= Theodora Wangerin =

American Seventh-day Adventist missionary (1888–1978)

Theodora Scharffenberg Wangerin (December 17, 1888 - March 19, 1978) was an American Seventh-Day Adventist missionary in Korea.

== Biography ==
A native of Milwaukee, Wangerin was born into a family of German extraction; her sister Mimi Scharffenberg also achieved some renown as a missionary in Korea.

Theodora married Rufus Wangerin on May 5, 1909, and accompanied him when he was sent on a mission to Korea two months later. The couple opened the mission station at Kyungsun in 1911. Suffering from meningitis, their infant died in June 1916, and Rufus contracted tuberculosis around the same time; consequently, the family returned to the United States, but he died soon thereafter, and Theodora with her two surviving daughters returned to Korea in 1917 to continue her work.

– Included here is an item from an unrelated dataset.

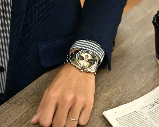 Ещё одна классика из 70-х с современным прочтением, но в этот раз от швейцарских мастеров. Модель Tissot PRX T137.410.11.091.00 — удачное переосмысление дизайна 1978 года. Внешне они похожи на те самые Audemars Piguet Royal Oak, в которых Гурам Амарян флексил в последнем эпизоде «Вписки». Корпус и браслет сделаны из нержавеющей стали 316L выглядят лаконично и премиально, а благодаря толщине всего 10,4 мм часы удобно сидят даже на тонком запястье.

At first she ran training classes and a variety of small group activities; in 1931, due to her facility with the Korean language and literary abilities, she was given the general editorship of the Seventh-Day Adventists' press in Seoul. Despite an eighth-grade education, she remained in this post for close to 20 years. The religious monthly Signs of the Times, published by the church, reached under her guidance a circulation of 40,000 in the late 1930s, said to be the largest of any monthly publication in Korea at that time. She also wrote and translated religious literature, and encouraged a body of Korean writers to produce material for the church as well. Notably, she facilitated the dissemination of much of Ellen White's most important writing in Korean translation.

With the onset of the Korean War in 1950, she was forced to move her activities to Japan. She continued to work there for more than a year before the inability to export her work to Korea forced her permanent return to the United States. She died in Redding, California.

== Legacy ==
Wangerin's papers are housed at the Adventist Heritage Center of the James White Library at Andrews University.